Partial template specialization means:
You have a base class with two or more templates (generics / type parameters).
The type parameters would be <T, S>
In a derived (specialized) class you indicate the type of one of the type parameters.
The type parameters could look like this <T, int>.
So when someone uses (instantiates an object of) the class where the last type parameter is an int, the derived class is used.
Haskell has overlapping instances as an extension:
class Sizable a where
size :: a -> Int
instance Collection c => Sizable c where
size = length . toList
is a function to find size of any collection, which can have more specific instances:
instance Sizable (Seq a) where
size = Seq.length
See also Advanced Overlap on HaskellWiki.
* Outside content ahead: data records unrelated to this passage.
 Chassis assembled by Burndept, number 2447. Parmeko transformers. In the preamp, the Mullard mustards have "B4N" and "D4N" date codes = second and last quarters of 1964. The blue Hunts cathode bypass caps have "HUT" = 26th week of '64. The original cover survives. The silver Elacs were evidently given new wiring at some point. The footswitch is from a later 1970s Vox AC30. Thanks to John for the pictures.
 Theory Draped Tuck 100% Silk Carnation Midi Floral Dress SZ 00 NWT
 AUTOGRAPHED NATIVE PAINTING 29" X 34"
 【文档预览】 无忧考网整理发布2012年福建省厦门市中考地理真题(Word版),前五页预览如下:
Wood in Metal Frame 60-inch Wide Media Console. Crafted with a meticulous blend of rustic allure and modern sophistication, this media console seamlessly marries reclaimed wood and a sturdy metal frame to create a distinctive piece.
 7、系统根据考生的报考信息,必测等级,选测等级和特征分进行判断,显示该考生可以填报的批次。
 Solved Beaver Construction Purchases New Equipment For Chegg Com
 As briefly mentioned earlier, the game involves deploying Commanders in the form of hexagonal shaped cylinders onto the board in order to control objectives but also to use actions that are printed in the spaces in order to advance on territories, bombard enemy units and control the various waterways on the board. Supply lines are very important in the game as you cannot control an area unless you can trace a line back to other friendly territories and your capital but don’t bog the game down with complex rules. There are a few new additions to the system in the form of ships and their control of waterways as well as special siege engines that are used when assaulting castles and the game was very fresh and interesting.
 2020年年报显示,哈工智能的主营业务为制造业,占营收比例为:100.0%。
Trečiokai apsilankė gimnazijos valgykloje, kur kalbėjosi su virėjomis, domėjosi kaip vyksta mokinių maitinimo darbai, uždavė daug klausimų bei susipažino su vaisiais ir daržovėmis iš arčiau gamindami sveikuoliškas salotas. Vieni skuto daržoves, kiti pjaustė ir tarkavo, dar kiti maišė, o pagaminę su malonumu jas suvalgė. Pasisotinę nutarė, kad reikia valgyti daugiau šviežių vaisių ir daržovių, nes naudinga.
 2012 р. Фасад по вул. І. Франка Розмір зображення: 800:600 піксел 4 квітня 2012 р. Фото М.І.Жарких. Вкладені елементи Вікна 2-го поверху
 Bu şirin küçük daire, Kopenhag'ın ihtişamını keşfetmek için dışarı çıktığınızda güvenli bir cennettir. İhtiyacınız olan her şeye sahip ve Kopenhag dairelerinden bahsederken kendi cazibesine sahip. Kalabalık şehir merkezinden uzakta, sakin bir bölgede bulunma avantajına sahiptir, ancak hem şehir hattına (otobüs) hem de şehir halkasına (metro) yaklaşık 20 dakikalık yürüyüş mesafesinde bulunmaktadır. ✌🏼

Actually, you can (not quite; see below) do it in C# with extension methods:
public Count (this IEnumerable<T> seq) {
int n = 0;
foreach (T t in seq)
n++;
return n;
}
public Count (this T[] arr) {
return arr.Length;
}
Then calling array.Count() will use the specialised version. "Not quite" is because the resolution depends on the static type of array, not on the run-time type. I.e. this will use the more general version:
IEnumerable<int> array = SomethingThatReturnsAnArray();
return array.Count();
C#:
void Swap<T>(ref T a, ref T b) {
var c = a;
a = b;
b = c;
}
I guess the (pure) Haskell-version would be:
swap :: a -> b -> (b,a)
swap a b = (b, a)
Java has generics, which allow you to do similar sorts of things.